- Province: Belgium
- Diocese: Archdiocese of Mechelen-Brussels
- Installed: 3 April 2011
- Predecessor: Jozef De Kesel

Orders
- Ordination: 10 July 1977
- Consecration: 3 April 2011

Personal details
- Born: 16 March 1954 Boorsem
- Died: 2 June 2017 (aged 63) Leuven, Belgium
- Denomination: Roman Catholic
- Residence: Mechelen
- Alma mater: KU Leuven, Pontifical Gregorian University
- Motto: Populum humilem et pauperem (A humble and poor people)
- Coat of arms: Leon Lemmens's coat of arms

= Leon Lemmens =

Belgian Roman Catholic auxiliary bishop

Leon Lemmens (16 March 1954 – 2 June 2017) was a Roman Catholic auxiliary bishop in Belgium.

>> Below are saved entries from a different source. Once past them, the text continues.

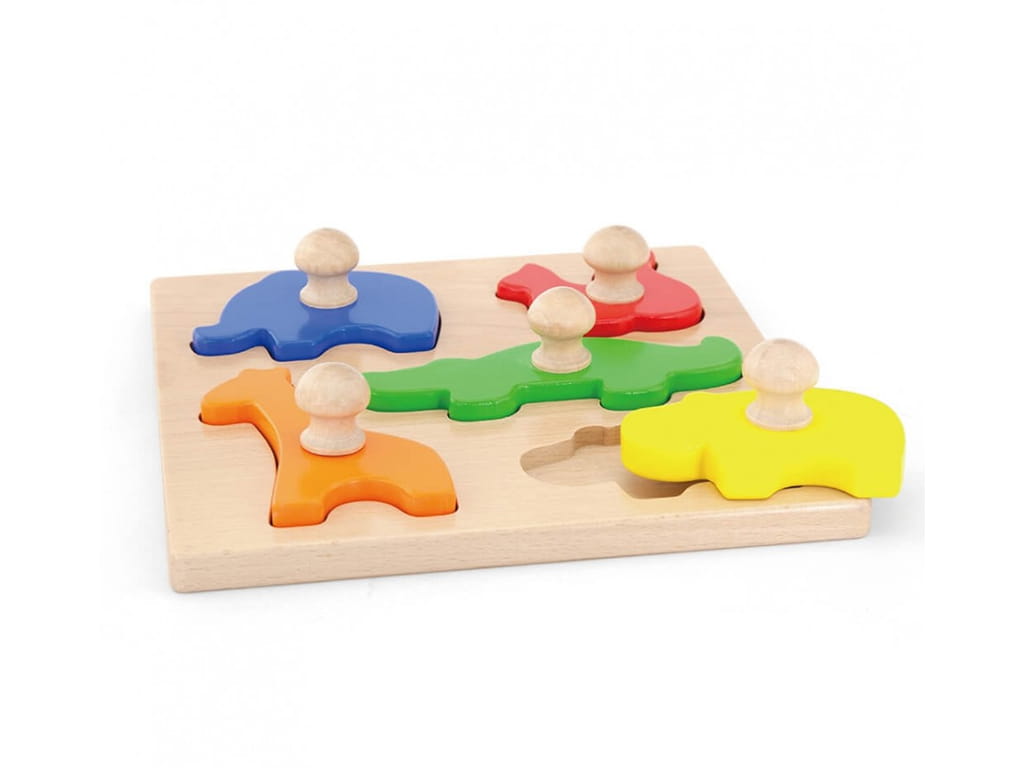 - Ξύλινο παζλ σφηνώματα με λαβούλες ζωάκια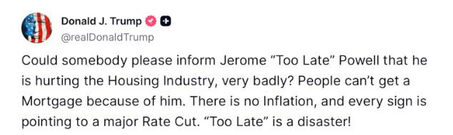 «Θα μπορούσε κάποιος παρακαλώ να ενημερώσει τον Τζερόμ ‘Πολύ Αργά’ Πάουελ πως πλήττει τη βιομηχανία της κατοικίας πολύ άσχημα; Ο κόσμος δεν μπορεί να πάρει ενυπόθηκο δάνειο εξαιτίας του. Δεν υπάρχει πληθωρισμός και σύμφωνα με όλους τους δείκτες είναι καιρός να γίνει μεγάλη μείωση των επιτοκίων», ανέφερε μέσω Truth Social.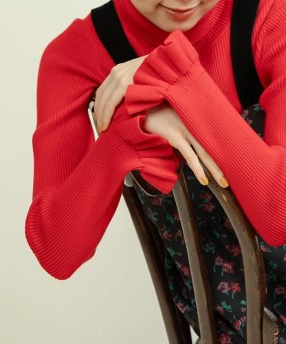 CHILD WOMAN もちもち袖口フリル アイレットリブタートル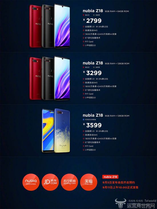 据悉,努比亚旗舰手机Z18将在努比亚官网及线下体验店,还有京东、苏宁易购、天猫这些平台开始预约,9月11日上午10时正式发售。除此之外关于努比亚Z18的价格,6+64GB版本售价2799元,8+128GB版本售价3299元,而梵高星空典藏版手机售价为3599元。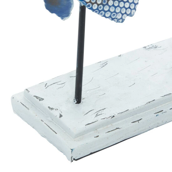 Add whimsy and an artsy feel to your coastal-styled home with this set of 2 gold and blue metal fish table decor sculptures, made from iron and adhered to iron frames. Each carved metal fish features eye, mouth, and fin details, gradient striped gold and blue paint finishes, and carved boho patterns, including hearts, leaves, diamonds, and dots. Each fish is elevated by metal rods connected to each distressed white metal base for prominent display. This set of fish table decor brings a beachy boho feel to your space!. Display together or separately in rooms with a blue background or with abstract coastal paintings to best appreciate the design. Designed with black rubber stoppers at the base that prevent scratching furniture and table tops, as well as sliding around. Wipe clean with a dry cloth. Suitable for indoor use only. This coastal table figurines come as a set of two. Coastal design. This item comes shipped in one carton.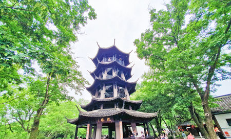 Ancient architecture temple pagoda in the park, Chongqing, China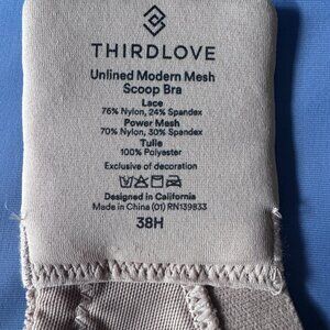 This is a brand new unworn or tried on ThirdLove Unlined Modern Mesh Scoop Lace Bra in 38H in Nude. Tags are still attached, tissue paper still covers the hooks.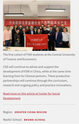 2019年12月16日,美国圣路易斯华盛顿大学在其官网刊登通讯,报道了该校布朗社会工作学院、社会发展中心杰出教授迈克尔·谢若登教授和中心主任邹莉女士不久前中国学术之行的相关活动。这篇报道重点介绍了两位专家受邀参加由永利集团官网3044永利集团官网举办的“金融社会工作国际学术沙龙”的相关内容,在海内外社会工作学术界和教育界引起了不小的反响。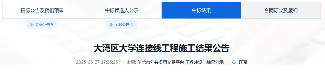 近日,广东省公共资源交易平台公布了大湾区大学连接线工程施工招标结果。中交第二航务工程局有限公司以427,578,986元成功中标,工期1096天。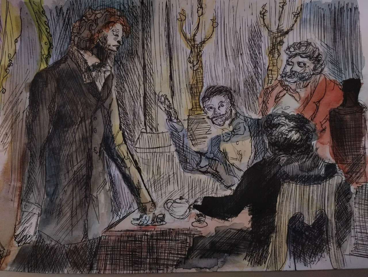 📌 На своем холсте Лев изобразил сцену из спектакля "Отцы и дети", ту самую, что отзывается в душе каждого подростка, независимо от поколения.. Эта сцена актуальна для подростков , потому что затрагивает вечные вопросы:

Lemmens, a native of Maasmechelen, was ordained a priest on 10 July 1977. He was named an auxiliary bishop to the Archdiocese of Mechelen-Brussels by Pope Benedict XVI on 22 February 2011 and consecrated on 3 April 2011.

==Biography==
Lemmens followed high school at the Klein Seminarie in Sint-Truiden. He entered seminary in Sint-Truiden (1971-1976) and was ordained to the priesthood to the Diocese of Hasselt on 10 July 1977. He obtained a bachelor in theology at the KU Leuven (1976) and studies moral theology in Rome. He obtained a licentiate in moral theology (1979) and became doctor in theology in 1989.

He worked as a parish priest in Genk (1981-1984). In 1984 he became professor at the seminary in Hasselt. From 1986 to 1997 he was a member of the Interdiocesan Commission on Liturgy and from 1990 to 1995 he was responsible for vocations. In 1994-1995 he took charge of the organisation of the meeting of young people with the pope in Brussels.

In 2004 he became rector of the Romanian College in Rome and in 2005 he was an official at the Sacred Congregation for the Oriental Churches of the Roman Curia.

===Auxiliary bishop===
On 22 February 2011, pope Benedict XVI appointed Lemmens as auxiliary bishop in the archdiocese of Mechelen-Brussels, with the responsibility for the vicariate Vlaams-Brabant & Mechelen. He was a Municipa.

He was consecrated on 3 April 2011 in the National Basilica of the Sacred Heart in Koekelberg by archbishop André-Joseph Léonard.

===Death===
Lemmens was a member of the Community of Sant'Egidio from 1977 until his death. He died from leukemia on 2 June 2017 in Leuven, Belgium. His funeral service on 10 June was held in St. Rumbold's Cathedral, Mechelen, which was filled to capacity.